Consider using a projection function
You have 5 overloads for from_histogram()
, 2 to handle ranges with an implicit value, 3 to handle tuples of at least 2 values, where the first tuple element is taken to be the value, and the second the count. What if I have a range of 3-tuples and the count I'm interested in is in the third element? What if my value/count pairs are in a regular struct
instead of in a std::tuple
?
Consider allowing a projection function to be passed to from_histogram()

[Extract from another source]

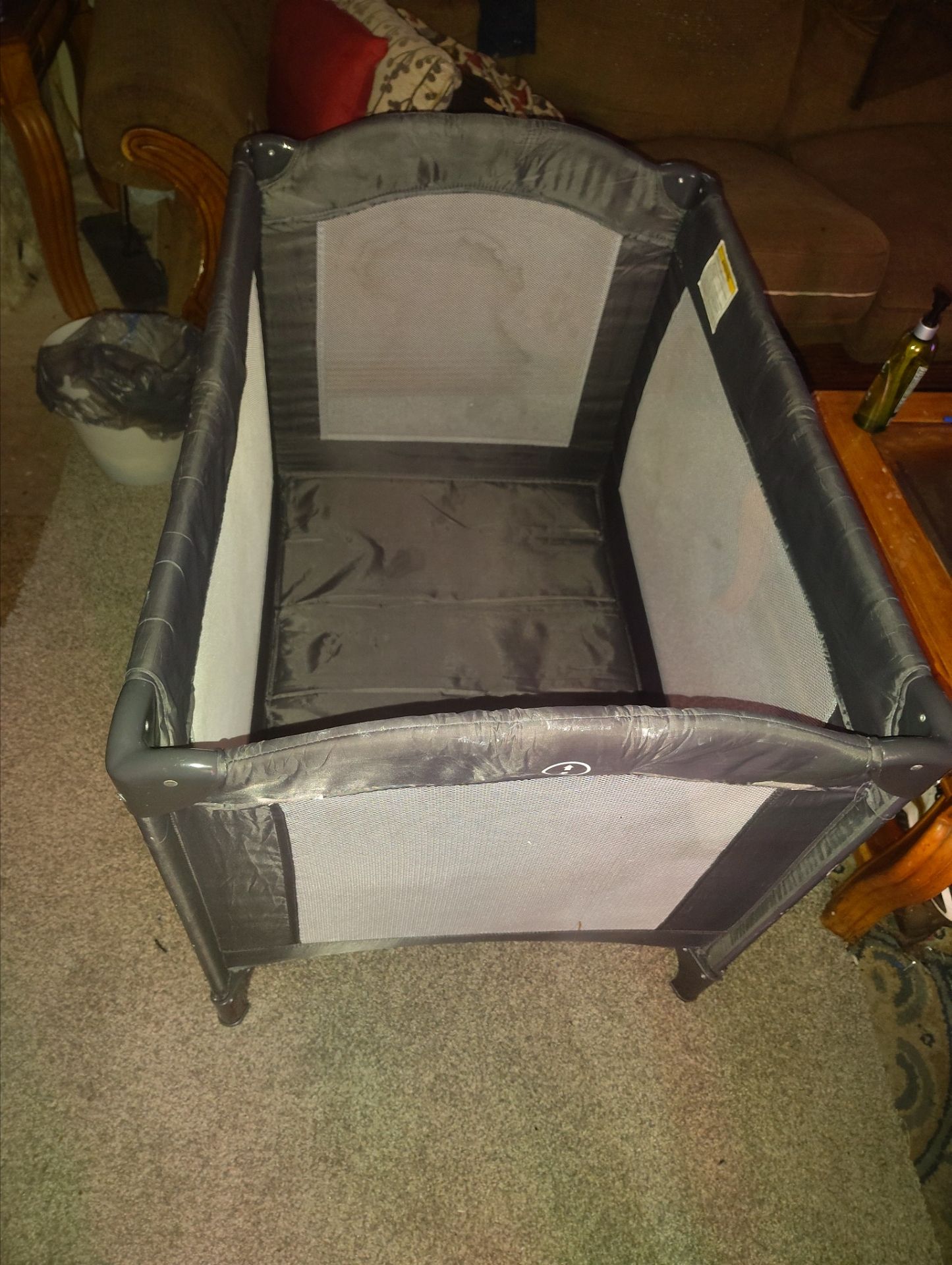 This image shows a portable playard, often referred to as a "pack and play," with a similar model being the Graco On the Go Zip. has one default to it but works perfectly make best offer who was up for travel

that allows customizing how value and count information is extracted from the input range. You can provide a default function that does the equivalent of your current overloads:
template<std::ranges::forward_range R, class Proj = std::identity>
requires (/* Proj valid for R */)
auto from_histogram(R const& input, Proj proj = {}) {
if constexpr (/* projection returns a single value */) {
/* enumerate */
...
} else if constexpr (/* projection returns a 2-tuple */) {
/* split return value of projection into value and count */
...
} else {
/* return a compile error */
}
}
Overflow handling
I question any code which would produce a histogram whose counts sum to more than can be stored in the count type; it would likely be buggy itself, as a different distribution of values could then already cause an overflow. But your algorithm can handle that, which is good.
I wonder if left_sum * 2
could wrap? If so, your algorithm could return an incorrect result.